Human World

Cold: how much can we tolerate?

Cold-weather physiology: How much cold can we actually tolerate without affecting our performance? Posted by Christina B. Winge.

The Norwegian polar explorer Børge Ousland and research student Sindre Sandbakk have one thing in common: they are quite happy to push their own bodies to the limit in bitter cold.Their willingness to perform in the cold has intriguing scientific ramifications.

Sindre weighs 70 kilos and is 172 cm tall in his stocking soles. He has an oxygen uptake rate of 78, a resting pulse rate well below 40, and a close, and warm, relationship with his ten pairs of skis, as well as with the NTNUI Cross-country Ski Club. At the moment, he is standing in SINTEF’s Work Physiology Laboratory dressed in a closely-fitting thin red cross-country ski-suit from Swix, a black cap and jogging shoes.

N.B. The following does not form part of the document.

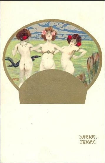 Ti offriamo una riproduzione artigianale su tela dell'opera famosa 'Vecchi tempi' di Raphael Kirchner, dal Museo delle Riproduzioni.

This young man is one of several volunteers who have been running in double-figure freezing temperatures until their lactic acid balance causes them to stop, and all for the sake of research. Today, he will once again, of his own free will and for a modest payment, push his own body to the stage known by scientists as “total exhaustion”. For this purpose, he will be fitted with 13 thermistors (tiny temperature sensors), cables, air-hoses, and a computer that will reveal most of the details of his performance and reactions.

Cold facts

The test that is about to commence is just one of a series of a hundred. The general aim of the ColdWear project is to gather physiological data on how we react to cold. These data will give scientists the expertise they need to develop what they call “advanced protection” for persons who operate in our most severe climate zones, such as Siberia and the Arctic.

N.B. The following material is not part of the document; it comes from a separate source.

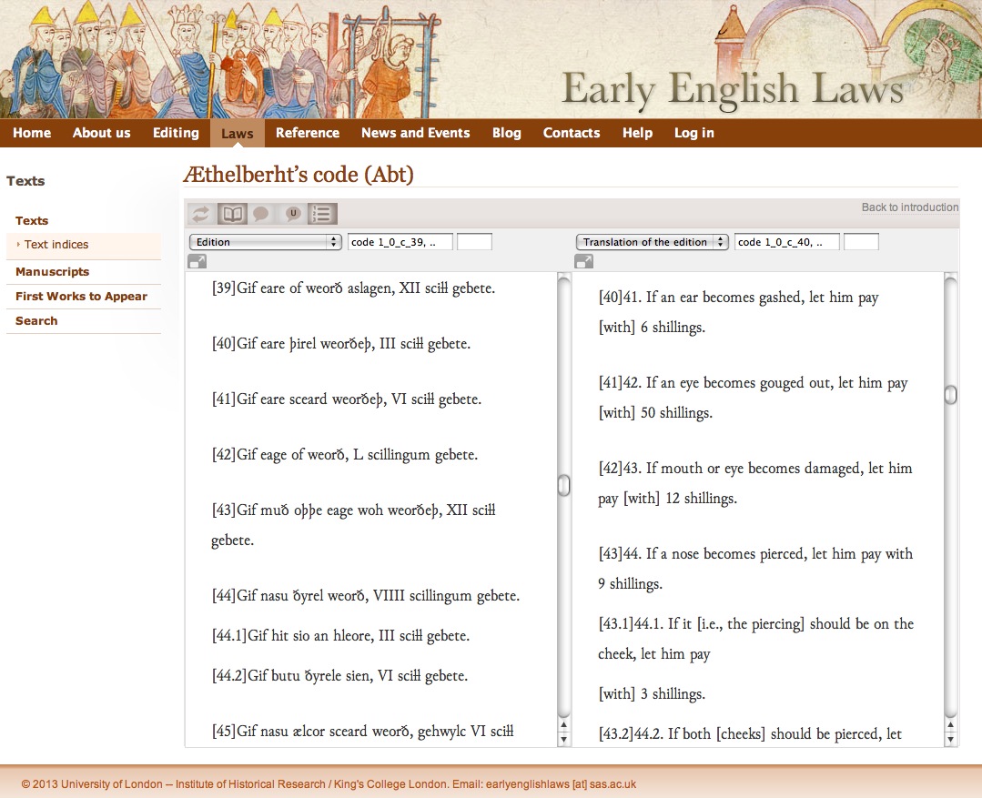 In the screenshot below you can see how a source text (Æthelberht’s Code) and its translation are presented side by side.

Among the products envisaged by the scientists are “intelligent” extreme-weather clothing. Technical clothing for elite athletes are also on the scientists’ list of potential products that could see the light of day as a result of this project.

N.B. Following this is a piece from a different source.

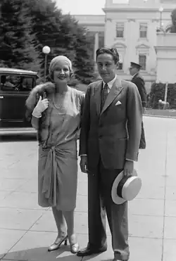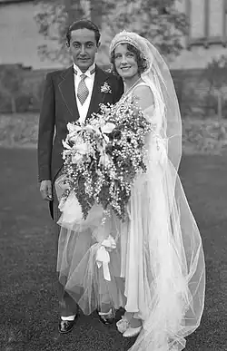 By 1927, Shearer had made a total of 13 silent films for MGM. Each had been produced for under $200,000, and had, without fail, been a substantial box-office hit, often making a $200,000+ profit for the studio.[31] She was rewarded for this consistent success by being cast in Ernst Lubitsch's The Student Prince in Old Heidelberg, her first prestige production, with a budget over $1,000,000. While she was finishing The Student Prince, Shearer received a call summoning her to Thalberg's office. She entered to find Thalberg sitting at his desk before a tray of diamond engagement rings. He granted her the option to choose her own ring; she picked out the biggest. After weeks of rumors, provoked by wearing the ring, it was announced in August 1927 that they were to wed.[32] On September 29, 1927, they were married in the Hollywood wedding of the year. Shearer had two children with Thalberg – Irving Thalberg, Jr. (1930–1987), and Katherine (1935–2006). Before they were married, Shearer converted to Judaism so she could marry Thalberg.[33]

A total of 21 persons have been tested under six temperature conditions, ranging from + 20 to -25 degrees, in the course of the past six months. The scientists have also carried out tests of “manual capacity”, which gives an idea of what cold does to our ability to concentrate and perform fine motor tasks at different temperatures, a capacity that is extremely relevant to industry.

No other research team anywhere in the world has tested human subjects in extreme cold in this fashion. The figures obtained by the tests will soon be systematized, and the results will become a database of “cold” facts.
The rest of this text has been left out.